## Material to process
--
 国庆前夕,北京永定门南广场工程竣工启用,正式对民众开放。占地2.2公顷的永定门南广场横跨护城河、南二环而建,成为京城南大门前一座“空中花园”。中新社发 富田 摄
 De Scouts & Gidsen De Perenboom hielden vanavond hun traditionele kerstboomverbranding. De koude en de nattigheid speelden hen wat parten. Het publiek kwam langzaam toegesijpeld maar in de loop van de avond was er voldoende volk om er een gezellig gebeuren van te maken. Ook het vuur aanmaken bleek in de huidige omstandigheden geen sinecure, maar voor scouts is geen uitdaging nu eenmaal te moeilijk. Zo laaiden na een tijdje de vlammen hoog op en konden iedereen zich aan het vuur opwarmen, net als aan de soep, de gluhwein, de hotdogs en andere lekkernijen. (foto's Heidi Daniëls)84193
--
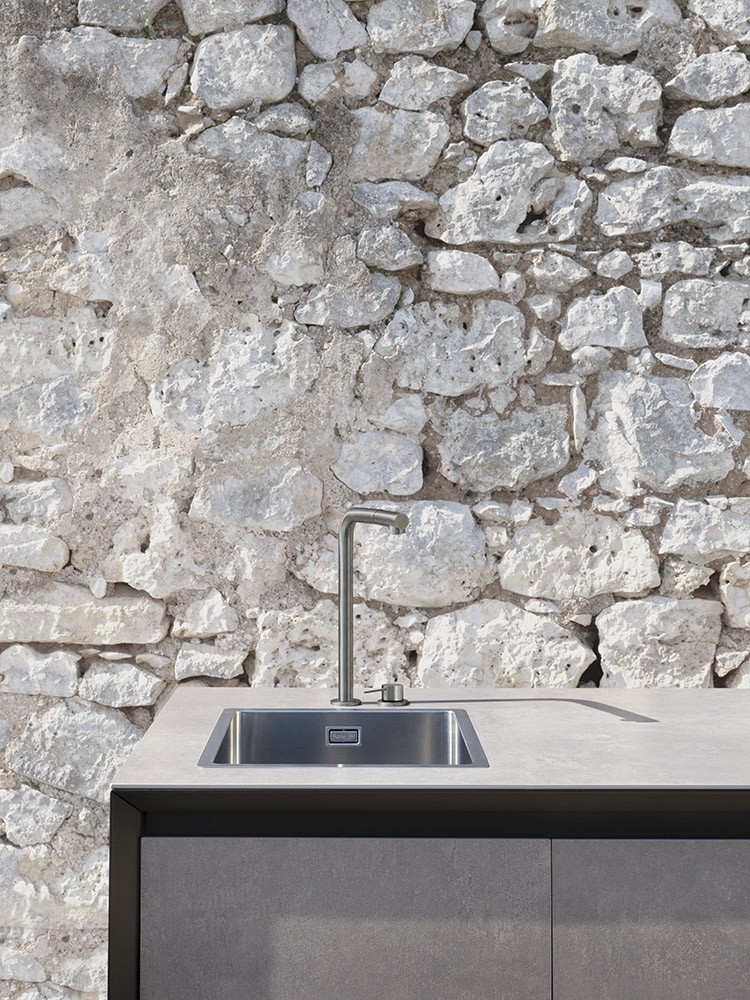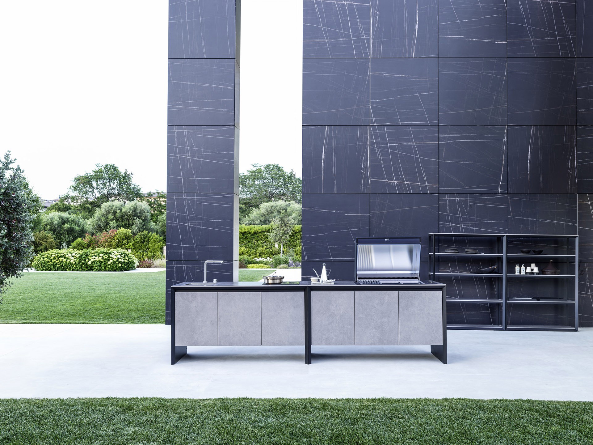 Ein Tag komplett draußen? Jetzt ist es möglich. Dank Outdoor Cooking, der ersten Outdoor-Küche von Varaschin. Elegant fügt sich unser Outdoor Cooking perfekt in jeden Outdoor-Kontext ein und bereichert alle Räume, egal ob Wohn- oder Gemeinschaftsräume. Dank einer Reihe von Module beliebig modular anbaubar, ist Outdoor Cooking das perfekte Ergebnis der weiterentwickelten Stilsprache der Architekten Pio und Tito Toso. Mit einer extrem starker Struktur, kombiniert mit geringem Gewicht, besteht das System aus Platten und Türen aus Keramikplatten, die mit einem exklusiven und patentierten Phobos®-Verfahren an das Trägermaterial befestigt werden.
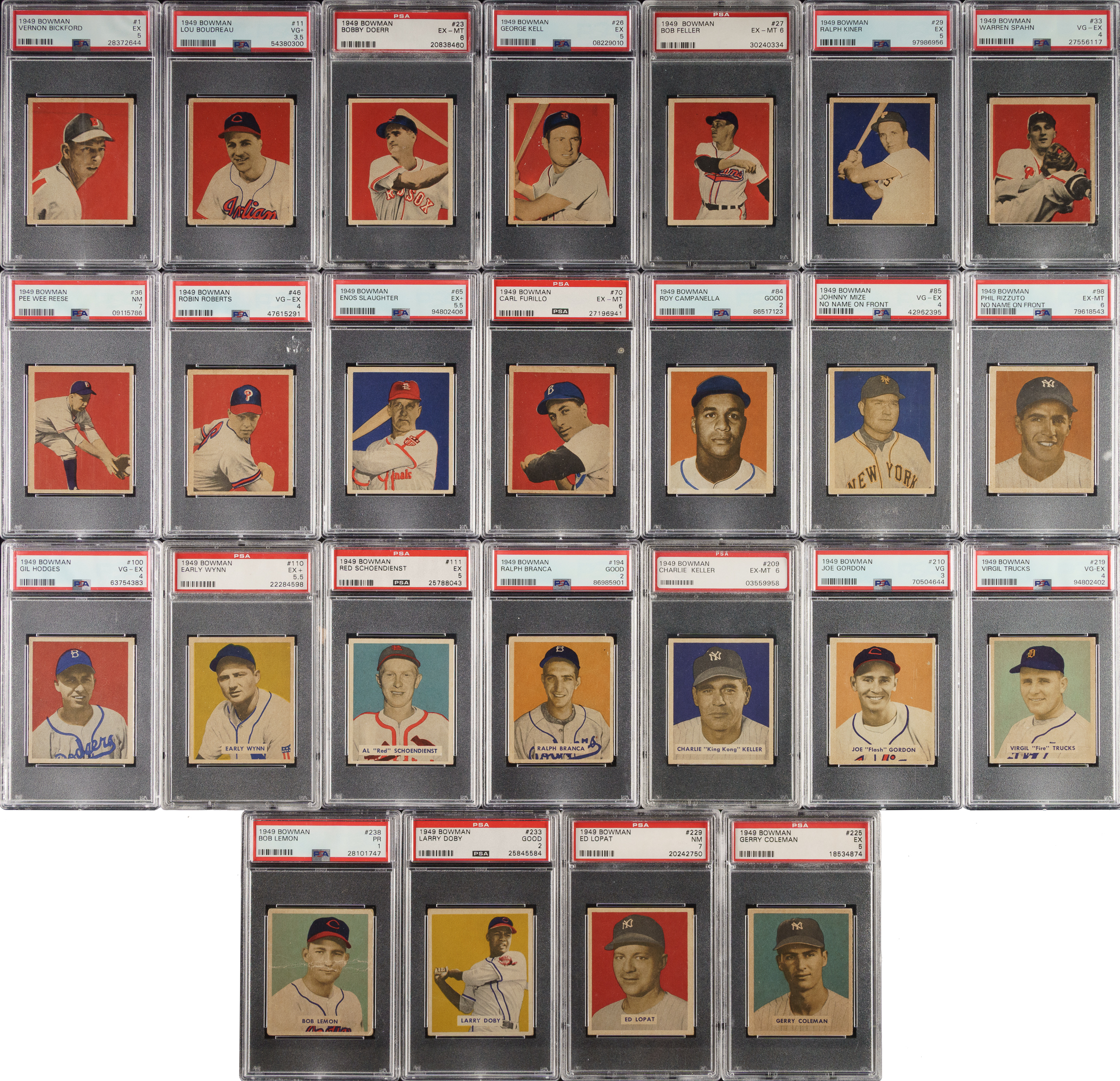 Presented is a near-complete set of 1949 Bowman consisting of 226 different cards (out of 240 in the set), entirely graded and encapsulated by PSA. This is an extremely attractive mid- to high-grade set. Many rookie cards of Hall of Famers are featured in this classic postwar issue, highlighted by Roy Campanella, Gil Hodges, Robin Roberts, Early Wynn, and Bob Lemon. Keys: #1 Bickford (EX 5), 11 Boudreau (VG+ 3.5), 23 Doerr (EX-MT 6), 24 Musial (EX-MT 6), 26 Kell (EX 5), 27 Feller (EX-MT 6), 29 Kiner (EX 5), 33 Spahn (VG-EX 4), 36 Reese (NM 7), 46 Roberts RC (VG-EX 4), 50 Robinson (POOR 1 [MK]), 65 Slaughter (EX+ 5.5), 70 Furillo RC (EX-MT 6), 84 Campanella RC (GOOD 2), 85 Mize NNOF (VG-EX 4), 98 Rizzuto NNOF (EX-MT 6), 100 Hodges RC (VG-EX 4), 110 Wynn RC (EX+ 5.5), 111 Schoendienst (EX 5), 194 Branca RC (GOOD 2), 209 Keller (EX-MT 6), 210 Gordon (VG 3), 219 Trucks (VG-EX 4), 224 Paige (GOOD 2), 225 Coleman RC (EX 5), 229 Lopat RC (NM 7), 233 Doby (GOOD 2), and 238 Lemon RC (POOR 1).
--
In the entries above, find the line containing "Ein Tag komplett" and the line containing "Presented is a"; give again exactly those two lines and every line between them, minus the pictures.

## Solution to this problem
 Ein Tag komplett draußen? Jetzt ist es möglich. Dank Outdoor Cooking, der ersten Outdoor-Küche von Varaschin. Elegant fügt sich unser Outdoor Cooking perfekt in jeden Outdoor-Kontext ein und bereichert alle Räume, egal ob Wohn- oder Gemeinschaftsräume. Dank einer Reihe von Module beliebig modular anbaubar, ist Outdoor Cooking das perfekte Ergebnis der weiterentwickelten Stilsprache der Architekten Pio und Tito Toso. Mit einer extrem starker Struktur, kombiniert mit geringem Gewicht, besteht das System aus Platten und Türen aus Keramikplatten, die mit einem exklusiven und patentierten Phobos®-Verfahren an das Trägermaterial befestigt werden.
 Presented is a near-complete set of 1949 Bowman consisting of 226 different cards (out of 240 in the set), entirely graded and encapsulated by PSA. This is an extremely attractive mid- to high-grade set. Many rookie cards of Hall of Famers are featured in this classic postwar issue, highlighted by Roy Campanella, Gil Hodges, Robin Roberts, Early Wynn, and Bob Lemon. Keys: #1 Bickford (EX 5), 11 Boudreau (VG+ 3.5), 23 Doerr (EX-MT 6), 24 Musial (EX-MT 6), 26 Kell (EX 5), 27 Feller (EX-MT 6), 29 Kiner (EX 5), 33 Spahn (VG-EX 4), 36 Reese (NM 7), 46 Roberts RC (VG-EX 4), 50 Robinson (POOR 1 [MK]), 65 Slaughter (EX+ 5.5), 70 Furillo RC (EX-MT 6), 84 Campanella RC (GOOD 2), 85 Mize NNOF (VG-EX 4), 98 Rizzuto NNOF (EX-MT 6), 100 Hodges RC (VG-EX 4), 110 Wynn RC (EX+ 5.5), 111 Schoendienst (EX 5), 194 Branca RC (GOOD 2), 209 Keller (EX-MT 6), 210 Gordon (VG 3), 219 Trucks (VG-EX 4), 224 Paige (GOOD 2), 225 Coleman RC (EX 5), 229 Lopat RC (NM 7), 233 Doby (GOOD 2), and 238 Lemon RC (POOR 1).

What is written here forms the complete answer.